The company has a group of cooperation teams engaged in the oil well pipe for sale industry for many years, with dedication, innovation spirit and service awareness, and has established a sound quality control and management system to ensure product quality.
SVMs are supervised learning algorithms that can be used for both classification and regression applications (Elmousalami 2019a, 2020). SVM optimizes hyperplanes distance and the margin as shown in Fig. 4. Hyperplane distance can be maximized based on two classes of boundaries using the following equation (Vapnik 1979):
$$ {\text{Linear}}\,{\text{SVM}} = \left\{ {\begin{array}{*{20}l} {W \cdot X_{i} + b \ge 1 ,} \hfill & {{\text{if}}\;y_{i} \ge 0} \hfill \\ {W \cdot X_{i} + b < - 1 ,} \hfill & {{\text{if}}\;y_{i} < 0 } \hfill \\ \end{array} } \right. $$
(1)
For i = 1,2,3,…, m, a positive slack variable (\( \xi \)) is added for handling the nonlinearity as displayed in Eq. (2):
$$ y_{i} \left( {W.X_{i} + b} \right) \ge 0 - \xi ,\quad i = 1,2,3, \ldots \ldots m $$
(2)
Fig. 4Linear support vector machine
Full size image
Accordingly, the objective function will be as shown in Eq. (3):
$$ {\text{Min}} \mathop \sum \limits_{i = 0}^{i = m} \frac{1}{2} w \cdot w^{T} + C \mathop \sum \limits_{i = 0}^{i = m} \xi_{i} $$
(3)
Decision tree (DT) is a statistical learning algorithm that is dividing the collected data into logical rules hierarchically (Elmousalami 2019b; Breiman et al. 1984) as shown in Fig. 5. Splitting algorithm is repetitively used to formulate each node of the tree. Classification and regression trees (CART) and C4.5/C5.0 algorithms are the most common tree models used in the research and practical community. This model is applied for both classification and continues prediction applications (Curram and Mingers 1994). DT algorithm can interpret data and feature importance based on the generated logical statement for each tree node. However, DT is not a robust and stable algorithm against noisy and missing data (Perner et al. 2001).

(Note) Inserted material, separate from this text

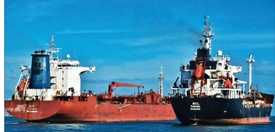
ପକ୍ଷକୁ ପେରିଯାଇଥିଲା, କିନ୍ତୁ କିଛି ଘଣ୍ଟା ପରେ ନିଜର ଚୀନ୍ ମାଲିକାନା ଏବଂ ଚୀନ୍ କୁ ଥିବା ଜଣାଇ ପୁଣି ଯାତ୍ରା ଆରମ୍ଭ କରିଥିଲା । ଏହା ସହିତ 'ଏଲପିଏ' ନାମକ ଅନ୍ୟ ଏକ ଟ୍ୟାଙ୍କର ମଧ୍ୟ ହର୍ମୁଜ ପ୍ରଣାଳୀ ଅତିକ୍ରମ କରିଥିବା ରିପୋର୍ଟ ମିଳିଛି । ଏହି ଅବରୋଧ ଯୋଗୁଁ ଇରାନ ଦୈନିକ ପ୍ରାୟ ୪୩୫ ନିୟୁତ ଡଲାର

ଚେହେରାନ, ୧୫୪୪(ଏକେଡ୍): ଇରାନର ତେଲ ରପ୍ତାନି ଉପରେ ଆମେରିକା ରାଷ୍ଟ୍ରପତି ଜୋନାହୁ ଗ୍ରମ୍ପଙ୍କ ନୂତନ ନୌସେନା ଅବରୋଧକୁ ଏକ ବଡ଼ ଆହ୍ଵାନ ମିଳିଛି । ଚୀନ୍ ସହିତ ସମ୍ପୃକ୍ତ ଏବଂ ଆମେରିକା ଦ୍ଵାରା ପ୍ରତିବନ୍ଧିତ ଏକ ତେଲ ଟ୍ୟାଙ୍କର 'ରିଭ୍ ୱାରି' ହର୍ମୁଜ ପ୍ରଣାଳୀ ଦେଇ ଗତି କରି ଏହି ଅବରୋଧର ଗଠାଠାକୁ ପରାସ୍ତ କରିଥିବା ଜଣାପଡ଼ିଛି । ପୂର୍ବରୁ 'ପୁଲ୍ ୱାରି' ନାମରେ ପରିଚିତ ଏହି ଟ୍ୟାଙ୍କରକୁ ଆମେରିକା କଳାତାଲିକାକୁ କରୁଥିଲା । ଇରାନ ବିରୋଧରେ ଆମେରିକା ପକ୍ଷରୁ ଥିବା ଶକ୍ତି ପ୍ରତିବନ୍ଧକକୁ ଅମାନ୍ୟ କରିବା ଅଭିଯୋଗରେ ଆମେରିକା ଏହି କାର୍ଯ୍ୟାନୁଷ୍ଠାନ ଗ୍ରହଣ କରିଥିଲା । ଗତ ସୋମବାର ଗ୍ରମ୍ପ ପ୍ରଣାଳୀର ଇରାନର ତେଲ ବିକ୍ରୟ କ୍ଷମତାକୁ ସୀମିତ କରିବା ପାଇଁ ଏହି ନୌସେନା ଅବରୋଧ ଆରମ୍ଭ କରିଛି । ଯାହା ବିଶ୍ଵ ଶକ୍ତି ବଜାରରେ ଉଲ୍ଲେଖନୀୟ ସୃଷ୍ଟି କରିଛି । ସୂଚନା ଅନୁଯାୟୀ, ରିଭ୍ ୱାରି ଜାହାଜଟି ଗତ ୨୪ ଘଣ୍ଟା ମଧ୍ୟରେ ଦ୍ଵିତୀୟ ଥର ପାଇଁ ପାରସ୍ୟ ଉପସାଗରରୁ ବାହାରିବାକୁ ଚେଷ୍ଟା କରିଥିଲା । ଅବରୋଧ କାର୍ଯ୍ୟକାରୀ ହେବା ମାତ୍ରେ ଜାହାଜଟି ପ୍ରଥମେ

Fig. 5Additive function concept
Full size image
Logistic regression (logit regression) is a predictive regression analysis which is appropriate for the dichotomous (binary) dependent variable (Hosmer et al. 2013). Logistic regression is used to explain data and to describe the relationship between one dependent binary variable and one or more independent variables. No outliers exist in the data, and there should be no high correlations (multicollinearity) among the predictors (Tabachnick and Fidell 2013). Mathematically, logistic regression can be defined as follows:
$$ P = \frac{1}{{1 + e^{{ - \left( {a + bX} \right)}} }} $$
(4)
where P is the classification probability, e is the base of the natural logarithm and (a) and (b) are the parameters of the model. Adding more predictors to the model can result in overfitting, which reduces the model generalizability and increases the model complexity.
KNN algorithm is building a nonparametric classifier (Altman 1992, Weinberger et al. 2006). KNN is an instance-based learning used for classification or regression applications. The object is classified by a majority vote of its neighbors in the training set. If K = 1, then the case is simply assigned to the class of its nearest neighbor. Many distance functions can be applied to measure the similarity among the instances such as Euclidian, Manhattan, and Minkowski (Singh et al. 2013).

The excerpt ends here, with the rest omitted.